Oftentimes, esophageal patients receive neoadjuvant therapy before surgery, which uses a combination of chemotherapy and radiation treatment to reduce the tumor before surgery. At the time of the laparoscopic conditioning procedure, the surgeon will also place a stent in the patient’s esophagus which helps with swallowing. Most patients also have a feeding tube placed to ensure they are able to maintain their calorie intake during treatment. Patients may also have a venous access device (VAP/PORT) placed which is used for chemotherapy infusions.

Surgical Resection of the Esophagus

Surgery to remove the part of the esophagus with cancer is called an esophagectomy. During the esophagectomy, depending on the location and extend of your cancer, part of the esophagus or the entire esophagus will be removed. The stomach or in some cases part of the bowel will be used to rebuild your esophagus.

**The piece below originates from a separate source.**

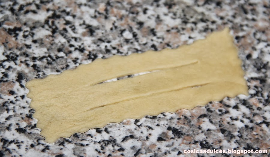 Liamos la masa en papel film y la dejamos reposar unos 60 minutos. No se producirá ningún levado pero nos será mucho más fácil trabajarla después. Transcurrido este tiempo tomamos una parte de la masa y la estiramos muy fina (casi transparente): Lo ideal es usar una maquina de hacer pasta pero si no tenemos tampoco pasa nada. Cortamos rectángulos de masa y les hacemos. dos cortes en el centro.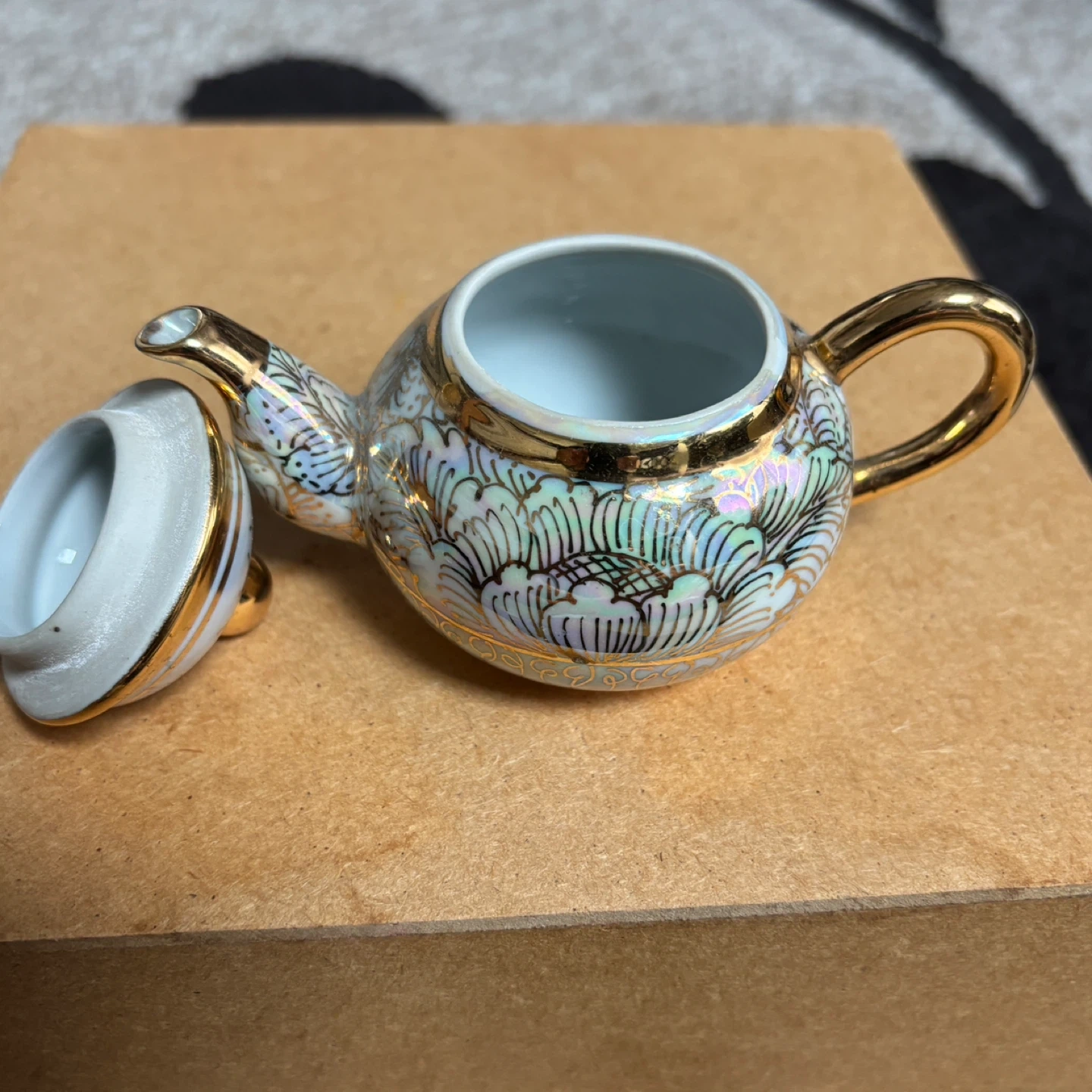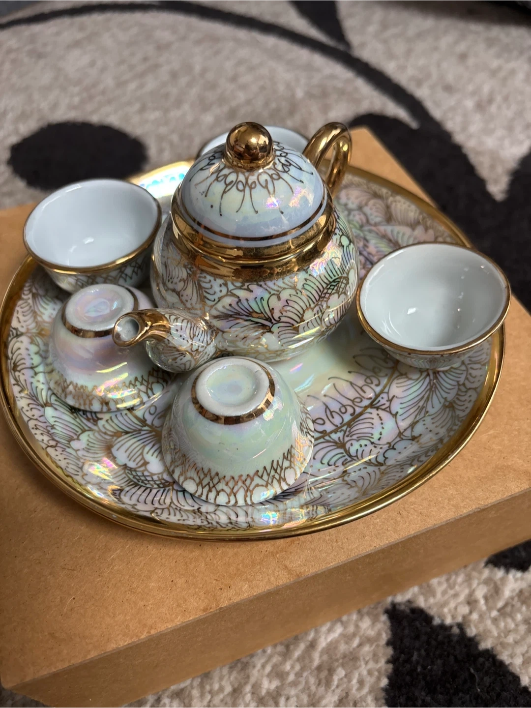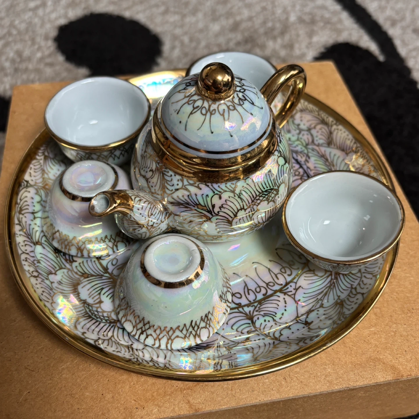 ティーセットのミニチュアです バリ島で 買いました。 ・ティーポット1つ、カップ5つ、ソーサー1枚のセット ・色:パールホワイト、ゴールドの縁取り ・状態:未使用に近い ・底面に「Handpaint in Thailand」の文字あり 中古品であることご了承ください

Our surgeons, who perform a high volume of esophagostomies, perform close to 100% of their procedures using the most minimally invasive Robotic-assisted approach. The benefit of minimally invasive Robotic-assisted esophagectomies include:

  • Robotic assisted approach allows the surgeon better visualization and dexterity while working around critical body structures 
  • Smaller incisions which produce less pain – less blood loss and lower complication rates and less morbidity
  • Less hospital time – patients generally are able to avoid time on the critical care floors and instead spend their entire recovery in a private room on a dedicated surgical floor. Most patients go home in 4-6 days which if far less than hospitals who have less experience and lower volumes of esophagostomies. (Agency for Healthcare Research and Quality (AHRQ) reports an average stay of 17.3 days hospitalization as the national average)

A multidisciplinary approach to your care continues throughout your hospital stay. Your care team includes you’re a board-certified thoracic surgeon, other physician specialist, a physician assistant, nurses, dieticians, respiratory therapists, case managers, discharge planners. Their collaborative approach is to make sure you are well informed during your post-operative recovery and well informed and comfortable with your discharge plan.